> _SOURCE DATA_
"""

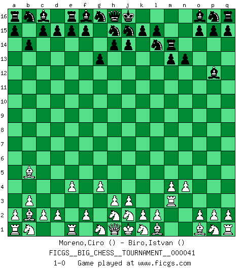 Last move : 1-0 2009 April 26 9:55:32 [Event "FICGS__BIG_CHESS__TOURNAMENT__000041"] [Site "FICGS"] [Date "2009.04.15"] [Round "1"] [White "Moreno,Ciro"] [Black "Biro,Istvan"] [Result "1-0"] [WhiteElo ""] [BlackElo ""] 1.m2-m4 g15-g13 2.n2-n4 m15-m13 3.g2-g4 l16-p12 4.b2-b3 b15-b14 5.c1-b2 k16-l14 6.e2-e4 n15-n13 7.f1-b5 m16-m14 8.m1-m3 1-0 Follow this game move after move (download)Chess problems demand from the composer the same virtues that characterize all worthwhile art: originality, invention, conciseness, harmony, complexity, and splendid insincerity. (Vladimir Nabokov) Ich habe Putins Aufstieg an die Macht beobachtet und seine Politik, die demokratischen Institutionen meines Landes zu zerstören. (Garry Kasparov) Las Aperturas te enseñan aperturas. ¡Los Finales te enseñan Ajedrez!. (Stephan Gerzadowicz) Ne tendez aucun piège pour le plaisir ! Ne jouez rien dans l'espoir que l'adversaire réagisse de façon stupide ! Prenez toujours pour acquis que l'adversaire va trouver le meilleur coup ! Ne jouez jamais de coup dans l'espoir que l'adversaire ne voie pas la menace ! Chacun de vos coups doit améliorer la position d'une façon ou d'une autre. Programmer - an organism that turns coffee into software. (Anonymous)
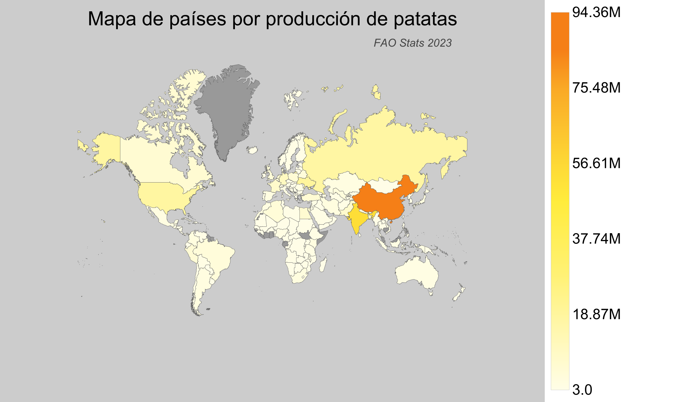 - China es el líder mundial en producción de papa, con alrededor de 94 millones de toneladas en 2023, mostrando su fuerte capacidad agrícola.
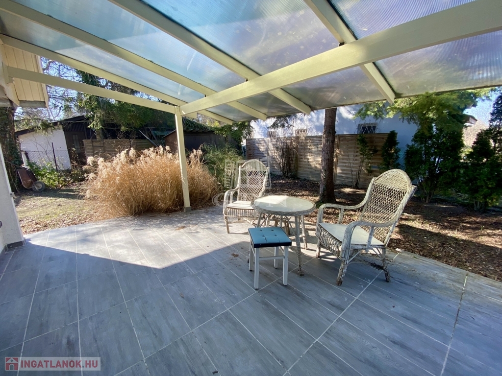 A 370 m²-es telken elhelyezkedő ingatlan alapterülete 78 m², melyhez egy 20 m²-es fedett, kertre néző terasz kapcsolódik — van hogy a reggeli kávét mókusok társaságában élvezheti az ingatlan gazdája.

"""

> _WORK ORDER_
Retype the listing exactly. Leave out its pictures.

> _RESULT_
 Last move : 1-0 2009 April 26 9:55:32 [Event "FICGS__BIG_CHESS__TOURNAMENT__000041"] [Site "FICGS"] [Date "2009.04.15"] [Round "1"] [White "Moreno,Ciro"] [Black "Biro,Istvan"] [Result "1-0"] [WhiteElo ""] [BlackElo ""] 1.m2-m4 g15-g13 2.n2-n4 m15-m13 3.g2-g4 l16-p12 4.b2-b3 b15-b14 5.c1-b2 k16-l14 6.e2-e4 n15-n13 7.f1-b5 m16-m14 8.m1-m3 1-0 Follow this game move after move (download)Chess problems demand from the composer the same virtues that characterize all worthwhile art: originality, invention, conciseness, harmony, complexity, and splendid insincerity. (Vladimir Nabokov) Ich habe Putins Aufstieg an die Macht beobachtet und seine Politik, die demokratischen Institutionen meines Landes zu zerstören. (Garry Kasparov) Las Aperturas te enseñan aperturas. ¡Los Finales te enseñan Ajedrez!. (Stephan Gerzadowicz) Ne tendez aucun piège pour le plaisir ! Ne jouez rien dans l'espoir que l'adversaire réagisse de façon stupide ! Prenez toujours pour acquis que l'adversaire va trouver le meilleur coup ! Ne jouez jamais de coup dans l'espoir que l'adversaire ne voie pas la menace ! Chacun de vos coups doit améliorer la position d'une façon ou d'une autre. Programmer - an organism that turns coffee into software. (Anonymous)
 - China es el líder mundial en producción de papa, con alrededor de 94 millones de toneladas en 2023, mostrando su fuerte capacidad agrícola.
 A 370 m²-es telken elhelyezkedő ingatlan alapterülete 78 m², melyhez egy 20 m²-es fedett, kertre néző terasz kapcsolódik — van hogy a reggeli kávét mókusok társaságában élvezheti az ingatlan gazdája.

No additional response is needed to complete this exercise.